This was an important move because of the way the firm evaluated the performance of its investments. Specifically, the Japanese bank markets formed a major portion of the index against which performance was assessed. Thus, the firm wanted to participate in the banking industry because it comprised such a large portion of the index, and buying into the convertible bonds allowed them to be in the banking market without realizing losses when the stock prices dropped. In addition, the investment in the Bank of Tokyo’s convertible bonds and others like it allowed the fund to maintain its currency in yen mandated for the portfolio’s diversification requirements. By being alert to the growing sector instabilities and anticipating a sudden volatility spike, the portfolio manager took advantage of the situation.
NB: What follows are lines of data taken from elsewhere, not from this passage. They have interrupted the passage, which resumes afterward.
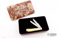 This knife features mirror polished blades with "2003 Collector's Edition" engraved on the escutcheon. The handle has engraved nickel silver bolsters, yellow scales, brass liners and stainless steel springs. Excellent condition. Comes with original box and papers.
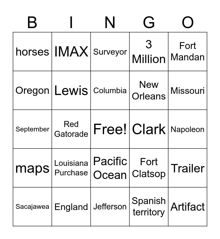 This bingo card has a free space and 29 words: Sacajawea, Rocky Mountains, Red Gatorade, France, horses, Surveyor, Lewis, Louisiana Purchase, Clark, England, Napoleon, Artifact, Jefferson, Spanish territory, Missouri, North Dakota, Pacific Ocean, maps, Fort Mandan, September, Fort Clatsop, Atlantic Ocean, New Orleans, Oregon, 3 Million, IMAX, Trailer, Columbia and Botany.
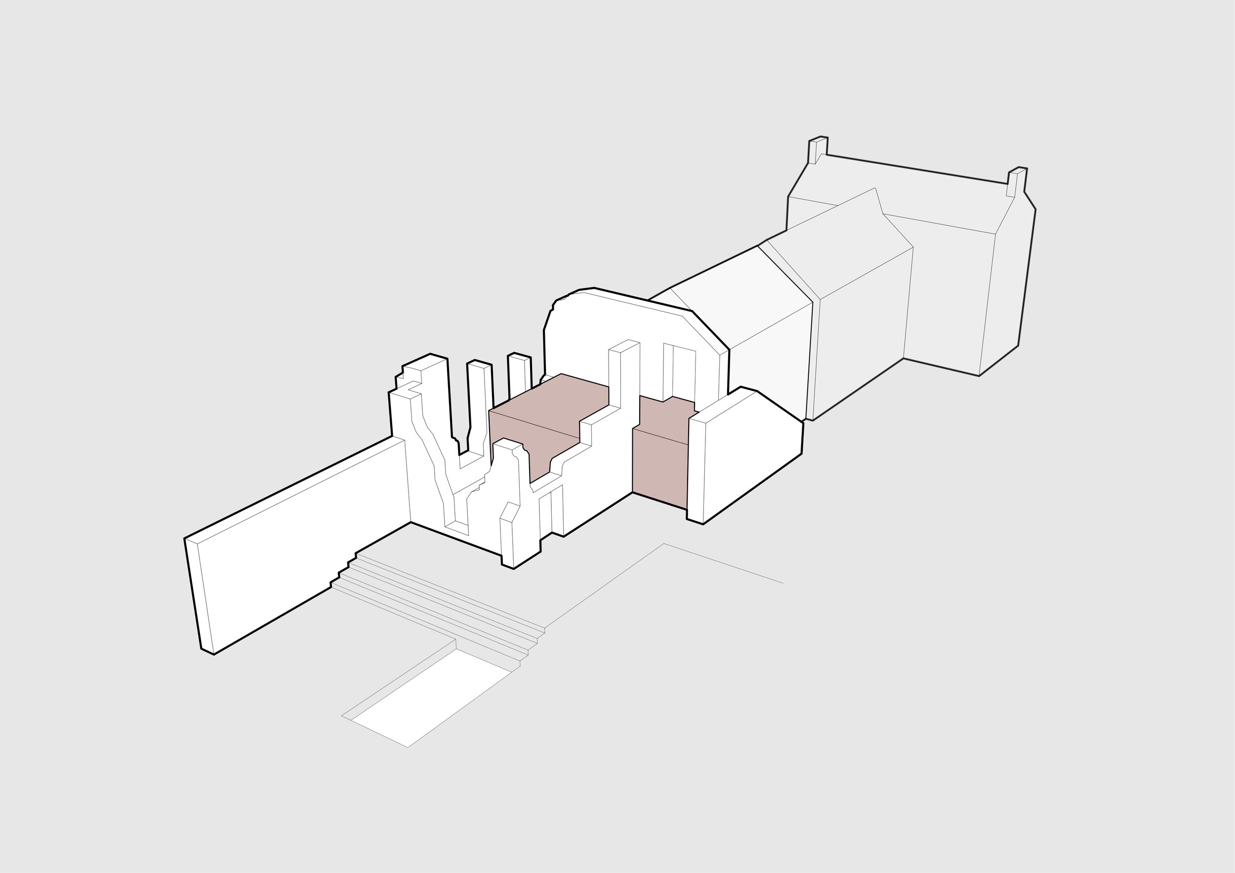 Invece di demolire la rovina, Will Gamble Architects ha proposto “un edificio all’interno di un edificio”, dove due volumi leggeri potevano essere delicatamente inseriti all’interno delle pareti in muratura per preservarlo e celebrarlo.

Below we will explain in detail how he was to surf the downside curvature of a convertible bond.

Figure 3

When the market crashed, the convertible bonds did not go down. Instead, they actually went up in price. This occurred because in the panic sell-off of the market, the Japanese government was forced to lower its interest rates. As with all markets, bonds are inversely proportional to the interest rates. So when the rates are lowered, bond prices increase. On average, the Japanese stocks dropped over 15 percent in value while the convertible bonds increased 10 percent in the same time interval. This meant that the pension fund outperformed the market by 2500 basis points. (To say that this was a good outcome is a gross understatement.) Thus, it was an intelligent move in terms of identifying a weakness and finding the attractive alternative possibilities. This investment tactic would likely not have been pursued without the use of MM. That is, the firm used MM to fuse the real-time data with arbitrage information and the historical earnings estimated into one display state in addition to sorting by industry groups and countries. This allowed them to see early on that the weakest part of the industry was the Japanese banking sector. Thus on April 8, 1992, when the market took its hit, the portfolio managers were sitting pretty because they had already been able to predict the collapse and redirect some of their Asian banking investments into convertible bonds. This resulted in an initial gain of approximately $10 million dollars. Had they not taken this action they might have lost between $30 and $40 million, so the “real” net gain approached $40-$50 million dollars. The institution has maintained their investment in convertible bonds, and over the past several years the Japanese banks have still continued to decay. However the fact that much of the investments were swapped into convertible bonds early meant that they never lost ground. The investments were always in the index with the stock, and they were earning a rate of return from convertible bond interest instead of getting nothing from equities.

Figure 4

Managing Declines in the Technical Sector

A crisis similar to the Japanese banking crash occurred in he summer of 1996 in the technology sector. The crisis was identified in MM using similar information fusion technologies as those employed in the Asian market application. In this case the recovery of the market was also tracked. Red icons in the MM landscape grid depicted drops in stock prices below the baseline. Quaking in the icons depicted further day-to-day drops and spinning icons showed low price-to-book ratios. Blinking was keyed to high returns on equity. Figures 4 & 5 show sample MM displays depicting the U.S. technology market information.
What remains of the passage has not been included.